En effet, si les preuves de mariage sont systématiquement couchées dans les registres, puisque rédigés dans l’instant en présence des futurs mariés, la situation est toute autre lorsqu’il s’agit de constater la naissance ou le décès d’un individu. Dans les deux cas, la rédaction est postérieure à l’événement qui, de surcroît, n’est connu que s’il est rendu public et rapporté par un membre de la famille ou un voisin.

Ainsi, dans le cas d’une naissance, la tradition veut que ce soit le père de l’enfant qui se déplace en mairie pour présenter l’enfant : le plus souvent le jour même si le bébé est né dans la nuit ou tôt le matin, sinon, le lendemain.

Pour un décès, c’est généralement un parent ou un voisin qui effectue la déclaration, à peu prêt dans les mêmes délais, après quoi l’officier de l’état-civil se déplace au domicile du défunt pour effectuer les constatations d’usage.

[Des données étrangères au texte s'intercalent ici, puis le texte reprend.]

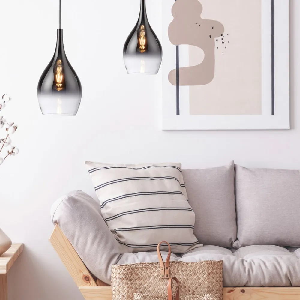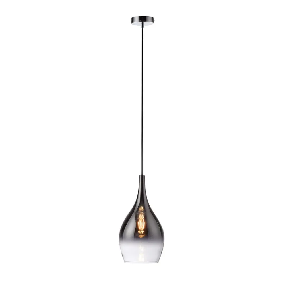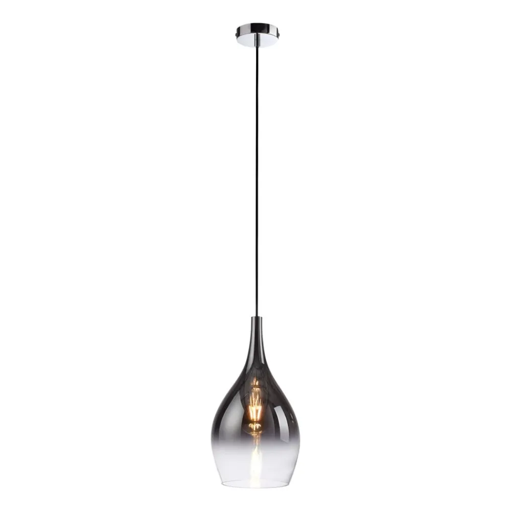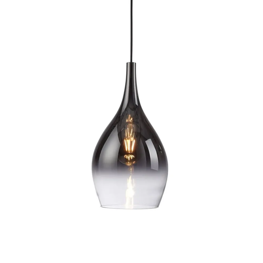 Pilua hængelampe med lampeskærm i røget glas Denne smukke hængelampe ved navn Pilua er særligt velegnet til montering over køkkenøer og spiseborde. Den passer perfekt ind i moderne indretningsstile. Hængelampens runde baldakin er farvet i en sofistikeret kromfarve. Den dråbeformede lampeskærm har en farvegradient fra røget grå til hvid, hvilket gør den til et HighLight i dit hjem. Lampen er udstyret med en E27-pære.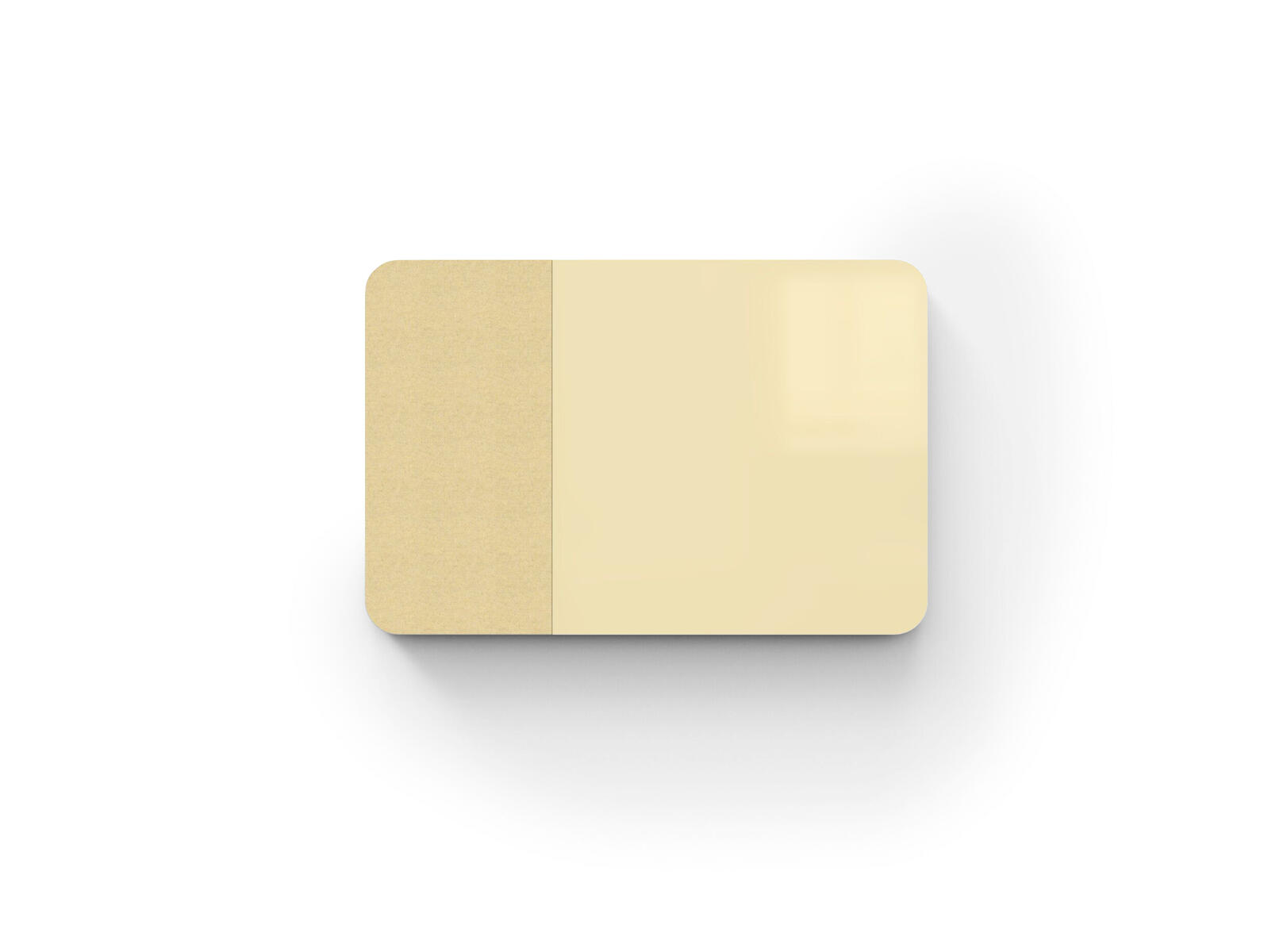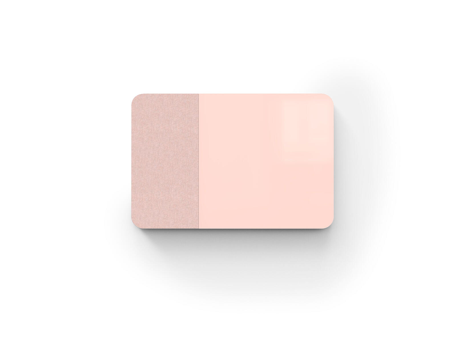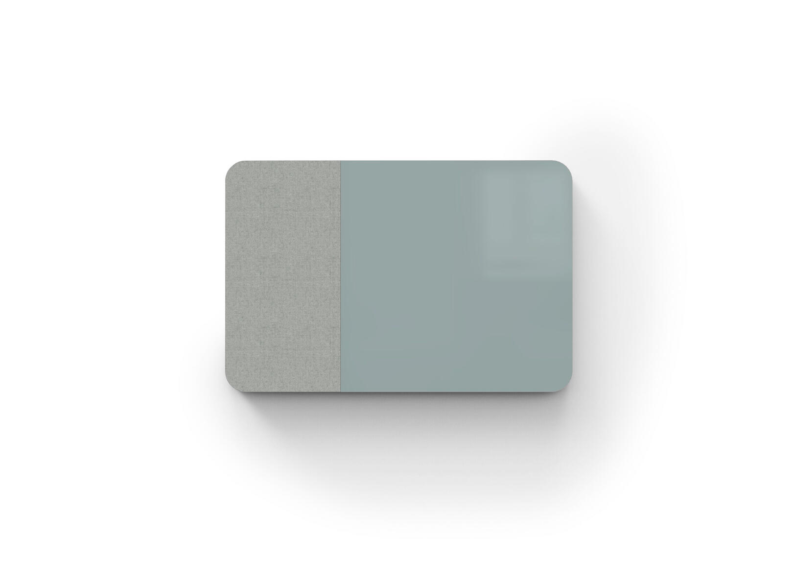 Tavla med kombination av tygklädd yta, skrivbar, magnetisk glasyta samt ljudabsorberande fyllning. Den tygklädda ytan är 50 cm bred. Dolda beslag.

Alors, dans le cas de Gabriel Guilloux, oubli ou “empêchement” du père qui n’a pas présenté l’enfant en mairie ? Manquement de l’officier dans la rédaction de l’acte ?

Quoi qu’il en soit, devant l’absence de mention de sa naissance dans les registres de Chas, Gabriel Guilloux a dû faire appel à un notaire pour rédiger un acte de notoriété. Généralement utilisé dans le cadre de successions, ce type d’acte notarié constitue une preuve de la qualité juridique des héritiers, mais plus exceptionnellement il peut être utile pour attester sa naissance.

Voici la transcription de l’acte conservé dans les archives du tribunal civil de Clermont-Ferrand (consultable aux archives départementales du Puy-de-dôme, document U 21869, cote 68), produit par Gabriel Guilloux le 26 juillet 1830 en mairie de Billom :

Aujourd’hui vingt deux + [mai – renvoi en marge]de l’an mil huit cent trente, par-devant nous, Pierre-Charles-Casimir de Chaudesaigues de Tarrieux, juge de paix du canton de Vertaizon, département du Puy-de-dôme, assisté de Pierre Royer, greffier de notre justice ;

Est comparu en notre hotel à Saint-Bonnet, Joächim Guilloux, propriétaire-cultivateur, habitant la commune de Chas, lequel nous a exposé que de son mariage avec Jeanne Germain est issu un fils nommé Gabriël Guilloux dont l’acte de naissance ne se trouve point inscrit sur les registres de l’état civil de ladite commune de Chas # [ainsi qu’il résulte d’un certificat délivré par Mr. le maire de ladite commune le vingt un du présent mois – renvoi en marge]et que son dit fils étant sur le point de contracter mariage avec un parti sortable à sa condition, il s’en trouve empéché par la non insertion de son acte de naissance sur lesdits régistres, pourquoi il nous a présenté sept témoins, en tel cas requis, pour nous faire déclarations sur les nom et prénom de son dit fils, l’époque et le lieu de sa naissance et les causes qui l’empèchent de produire l’acte.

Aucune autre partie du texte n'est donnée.